### Problem details
Please keep to the lines below from the one with "Freshly baked, golden-brown" through the one with "IV Therapy Study", and restate them word for word, ends included.

[Information given]

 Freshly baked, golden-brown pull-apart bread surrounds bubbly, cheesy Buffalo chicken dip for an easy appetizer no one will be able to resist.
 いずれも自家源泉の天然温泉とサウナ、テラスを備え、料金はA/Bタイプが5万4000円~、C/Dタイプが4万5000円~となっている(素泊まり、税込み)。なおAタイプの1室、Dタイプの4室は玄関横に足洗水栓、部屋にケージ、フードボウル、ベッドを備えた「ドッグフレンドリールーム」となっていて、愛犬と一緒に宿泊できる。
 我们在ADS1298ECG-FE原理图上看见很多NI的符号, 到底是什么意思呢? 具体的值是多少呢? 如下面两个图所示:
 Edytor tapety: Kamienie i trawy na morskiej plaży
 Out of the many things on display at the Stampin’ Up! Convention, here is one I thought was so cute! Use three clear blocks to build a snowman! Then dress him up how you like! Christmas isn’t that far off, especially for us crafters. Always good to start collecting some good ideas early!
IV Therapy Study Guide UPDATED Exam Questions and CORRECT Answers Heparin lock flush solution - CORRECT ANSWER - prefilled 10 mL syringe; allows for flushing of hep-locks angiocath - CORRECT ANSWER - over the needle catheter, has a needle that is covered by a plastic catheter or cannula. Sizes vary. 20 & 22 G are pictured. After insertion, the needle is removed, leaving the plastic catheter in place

[/Information given]
[Information given]

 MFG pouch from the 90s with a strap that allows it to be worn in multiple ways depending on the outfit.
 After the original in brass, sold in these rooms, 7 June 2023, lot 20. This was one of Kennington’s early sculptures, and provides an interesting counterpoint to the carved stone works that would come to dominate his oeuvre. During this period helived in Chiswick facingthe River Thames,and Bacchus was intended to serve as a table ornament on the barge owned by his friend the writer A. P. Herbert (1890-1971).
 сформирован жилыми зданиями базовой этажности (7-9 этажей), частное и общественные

[/Information given]

### Solution for this exercise
 Freshly baked, golden-brown pull-apart bread surrounds bubbly, cheesy Buffalo chicken dip for an easy appetizer no one will be able to resist.
 いずれも自家源泉の天然温泉とサウナ、テラスを備え、料金はA/Bタイプが5万4000円~、C/Dタイプが4万5000円~となっている(素泊まり、税込み)。なおAタイプの1室、Dタイプの4室は玄関横に足洗水栓、部屋にケージ、フードボウル、ベッドを備えた「ドッグフレンドリールーム」となっていて、愛犬と一緒に宿泊できる。
 我们在ADS1298ECG-FE原理图上看见很多NI的符号, 到底是什么意思呢? 具体的值是多少呢? 如下面两个图所示:
 Edytor tapety: Kamienie i trawy na morskiej plaży
 Out of the many things on display at the Stampin’ Up! Convention, here is one I thought was so cute! Use three clear blocks to build a snowman! Then dress him up how you like! Christmas isn’t that far off, especially for us crafters. Always good to start collecting some good ideas early!
IV Therapy Study Guide UPDATED Exam Questions and CORRECT Answers Heparin lock flush solution - CORRECT ANSWER - prefilled 10 mL syringe; allows for flushing of hep-locks angiocath - CORRECT ANSWER - over the needle catheter, has a needle that is covered by a plastic catheter or cannula. Sizes vary. 20 & 22 G are pictured. After insertion, the needle is removed, leaving the plastic catheter in place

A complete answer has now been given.